HierarchicalVoronoi: The hierarchical clustering based on Voronoi common edges
In DongDong-Zoez/HCV: What the Package Does (One Line, Title Case)
Description
Usage
Arguments
Details
Value
Author(s)
See Also
Examples
Description
The hierarchical clustering methods for the constraint of spatial homogeneity.
Usage
1
HierarchicalVoronoi(constraint_domain, optimization_domain, linkage, iterate)
Arguments
constraint_domain:
'[matrix]': The geometry location of the data.
optimization_domain:
'[matrix]': The spatial feature of the data.
linkage:
'[character]': The valid arguments are "single", "complete", "average", "median", "ward", "centroid" and "weighted".
diss:
'[character]': Set diss = "precomputed" for input optimization_domain as a distance matrix
adjacency:
'[boolean]': Set adjacency = T for input constaraint_domain as an adjacency matrix
dist_method:
'[character]': The distance measurement for pairs of points, default is "euclidean"
Details
The function is used to solve the dual problem.

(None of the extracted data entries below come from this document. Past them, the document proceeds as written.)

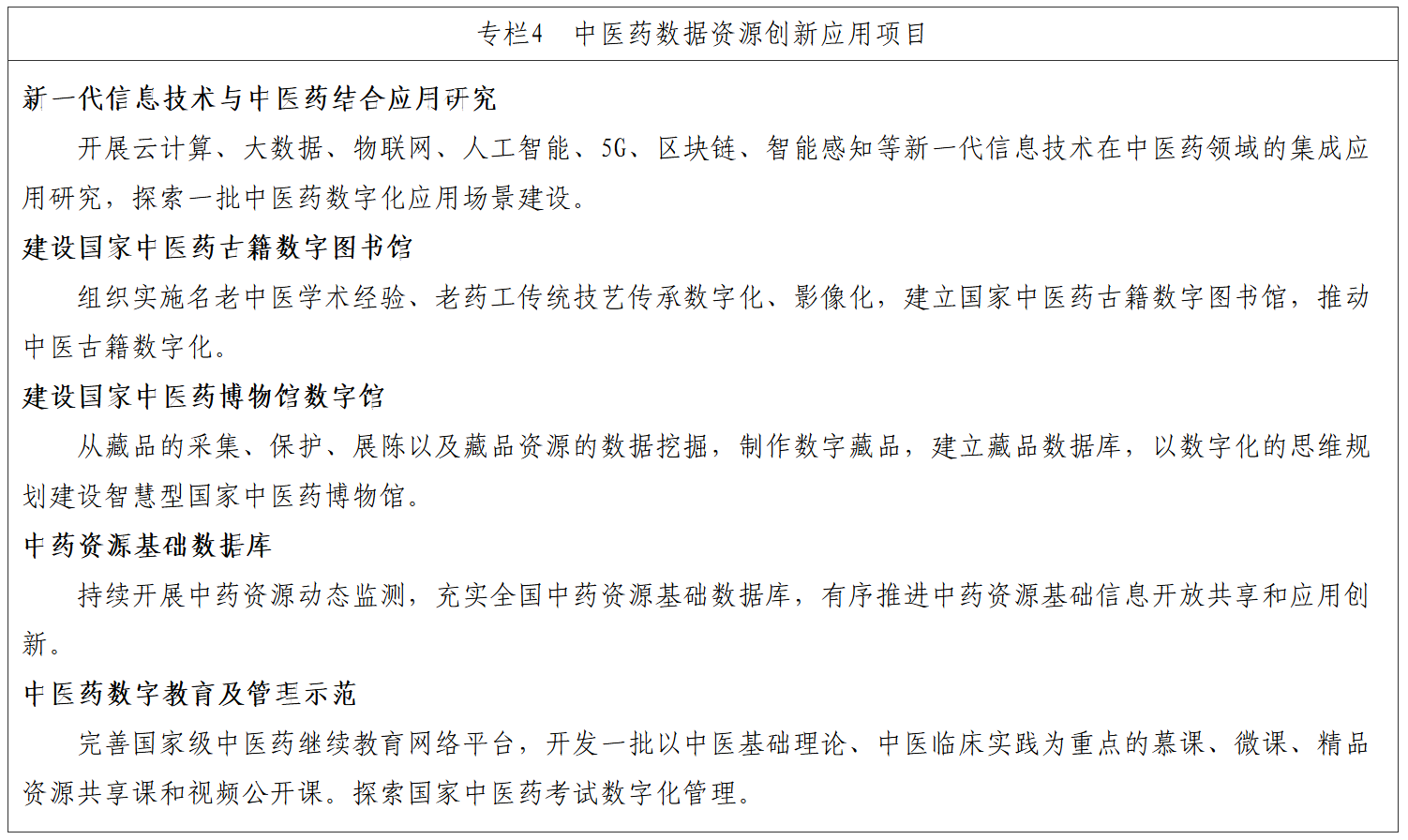 4.推动中医药文化数字化建设。鼓励中医药机构将中医药文化资源数据采集、加工、挖掘与数据服务纳入经常性工作。加强中医药领域数字出版、文化资源库、数字文化传播平台等建设,增强中医药数字内容的供给能力。加强网络原创优质内容建设,丰富中医药数字化文化产品创制,推动搭建数字化文化体验的线下场景,扩大中医药文化资源的开放范围。
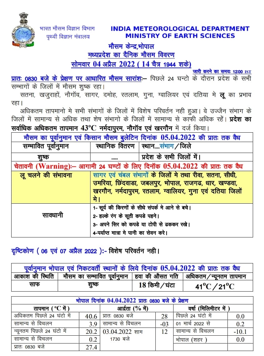एमपी मौसम विभाग (MP Weather Report) के अनुसार, आज 4 अप्रैल 2022 को सागर, चंबल संभाग के साथ रीवा, सतना, सीधी, उमरिया, छिंदवाड़ा, जबलपुर, भोपाल, राजगढ़, धार, खंडवा, खरगोन, नर्मदापुरम, रतलाम, ग्वालियर, गुना और दतिय आदि जिलों लू का येलो अलर्ट जारी किया गया है। पिछले 24 घंटे में सबसे अधिकतम तापमान 43 डिग्री सेल्सियस खरगोन, नौगांव और नर्मदापुरम में दर्ज किया गया है ।पिछले 24 घंटे में सभी जिले शुष्क रहे लेकिन सतना, खजुराहो, नौगांव, सागर, दमोह, रतलाम, गुना, ग्वालियर और दतिया में लू का असर रहा।आगामी दो दिन में इंदौर और भोपाल में अधिकतम तापमान 40 डिग्री तक पहुंचने की संभावना हैं।
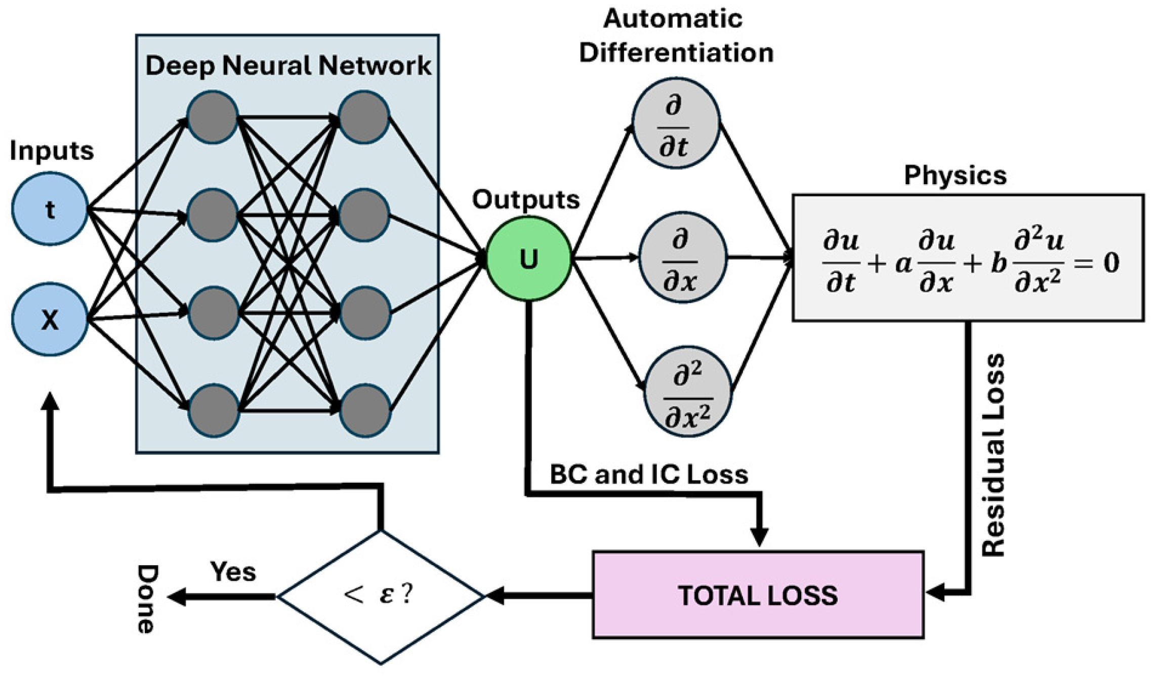 There are three main blocks—including neural networks and PINNs which, through automatic differentiation, incorporate the governing differential equations and loss function minimization block.
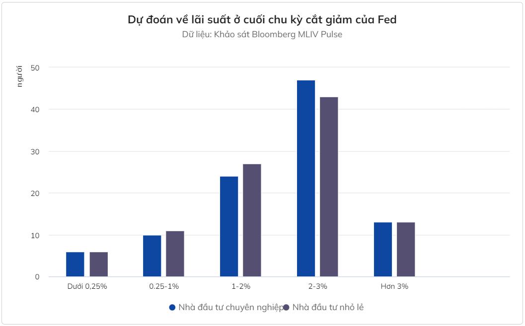 Theo khảo sát mới nhất của MLIV Pulse, khoảng 87% trong số 331 người được hỏi tin rằng Fed sẽ cắt giảm lãi suất xuống 3% hoặc thấp hơn. 40% dự báo chu kỳ nới lỏng của ngân hàng trung ương Mỹ bắt đầu trong năm nay, cao hơn những gì đang được thể hiện trên thị giá.
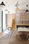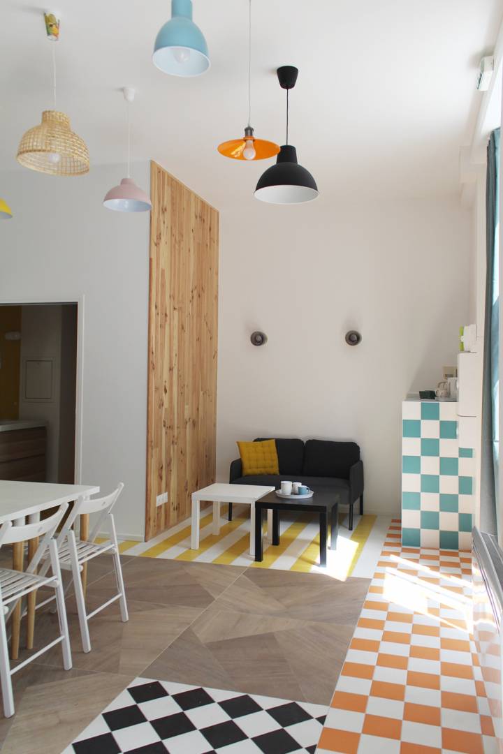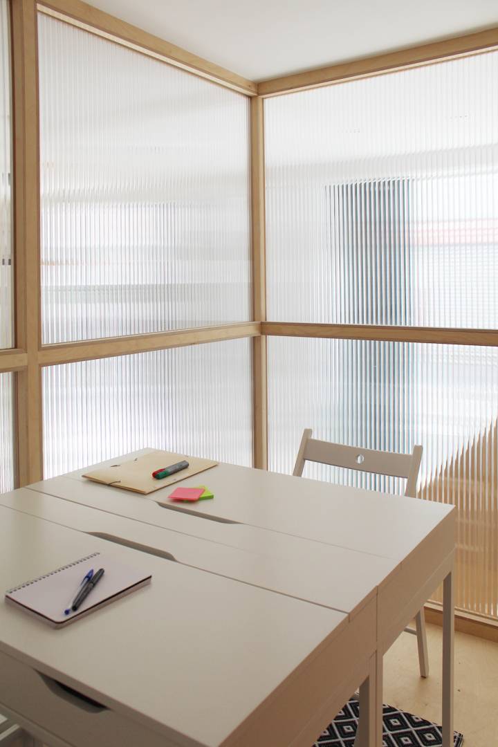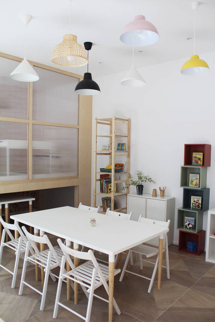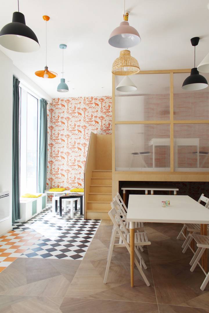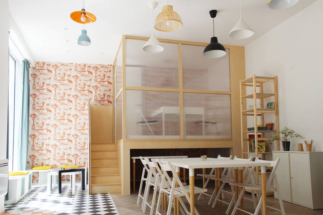 L’existant : Il s’agit d’un espace commercial très lumineux, de 43m² sur rue, brut de béton et bénéficiant d’une belle hauteur sous plafond. Le projet : L'AFEV (Association de la fondation étudiante pour la ville), souhaite utiliser cet espace très visible de l'extérieur pour des activités socio-éducatives. Il doit permettre de recevoir des groupes de tailles diverses (jusqu'à 10 personnes) pour des activités diverses (aide au travail, ateliers, projections, activités manuelles pour les enfants, réunions, formations …) Il doit donc être modulable, le mobilier devant être rangé et remis en place facilement, et comporter des espaces de rangement. Un bureau séparé doit également être créé pour 2 salariés. Ce bureau, comme une bulle isolée, est installé dans une cabane montée sur pilotis. Le volume disponible sous la cabane devient ainsi un espace de stockage facilement accessible. Le lieu, en partie à destination d’un jeune public, se doit d’être ludique. Nous mélangeons les couleurs de l’association à des motifs graphiques forts. Les matériaux (lambris, papier-peint, carrelages) viennent définir les différentes zones : accueil, sanitaires, détente, lecture et activités centrales intermittentes. En arrière plan, un grand mural de rangement, sera complété au fur et à mesure par du mobilier de récupération. Les lustres dépareillés renforcent cette idée de cabane bricolée.

A dual problem is to minimize the cost of the spatial feature domain or the domain of your data attribute, at the meanwhile, we are expect that the cluster of geometry domain or constraint domain will form a compact region, namely, each cluster is bounded by some irregular curves and not overlap for each pairs of clusters. To achieve the goal, one is to consider the spatial homogeneity for spatial data, and HCV algorithm is following the idea of constructing the Delaunay triangulation and Voronoi diagram to make an approach for spatially homogeneity.
Value
A 'hclust' object.
Author(s)
DongDong-Zoez <lbry5230100@gmail.com> University of Taiwan NSYSU.
See Also
'synthetic_data', 'SMI'
Examples
1
2
3
# data <- synthetic_data(5, 4, 0.15, 1000, 2)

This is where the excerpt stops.